Terri Schwartz of IGN gave the episode a perfect "masterpiece" 10 out of 10 and wrote in her verdict, "As Fargo: Season 2 reaches its midpoint, it is filling in the shades of its moral lessons and examinations to paint new portraits of American lives and struggles. The episode that was trumpeted for its Bruce Campbell guest appearances was overshadowed by the sacrifices its characters made for one another and the irreversible choices they are stuck with. Is it still worth pushing the boulder up the hill?"

Zack Handlen of The A.V. Club gave the episode an "A" grade and wrote, "Regardless, 'The Gift Of The Magi' shakes up the status quo in a way that will surely have a major impact in the weeks ahead. After a brief holding pattern, war has officially broken out, and the Blomquists aren't going to be able to keep themselves above the fray any longer."

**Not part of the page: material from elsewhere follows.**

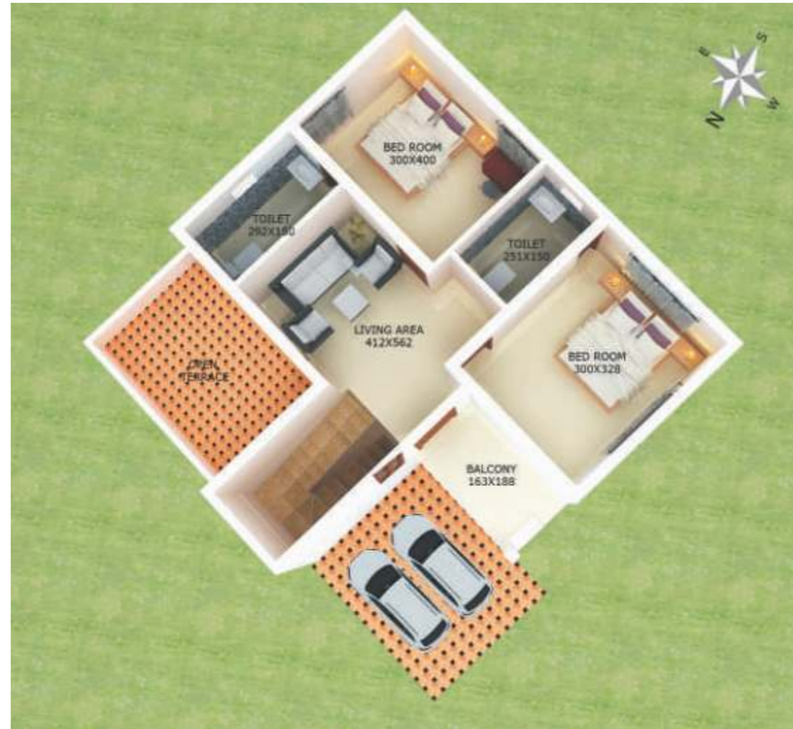
FIRST FLOOR 800 Sq. Ft

Alan Sepinwall of HitFix wrote, "'The Gift of the Magi' is making clear that fancy rhetoric isn't enough, and that even the toughest of leaders – also including Floyd and Joe – can fail to grasp how deep the problems run." Ben Travers of IndieWire gave the episode a "B-" grade and wrote, "Fargo has reached the point that it automatically becomes a better show whenever Nick Offerman wiggles his way on screen." Richard Vine of The Guardian wrote, "After being teased with posters and film shoots, we get our first real world sighting of Ronald Reagan this week. Cult actor Bruce Campbell steps up to the plate with a great impression."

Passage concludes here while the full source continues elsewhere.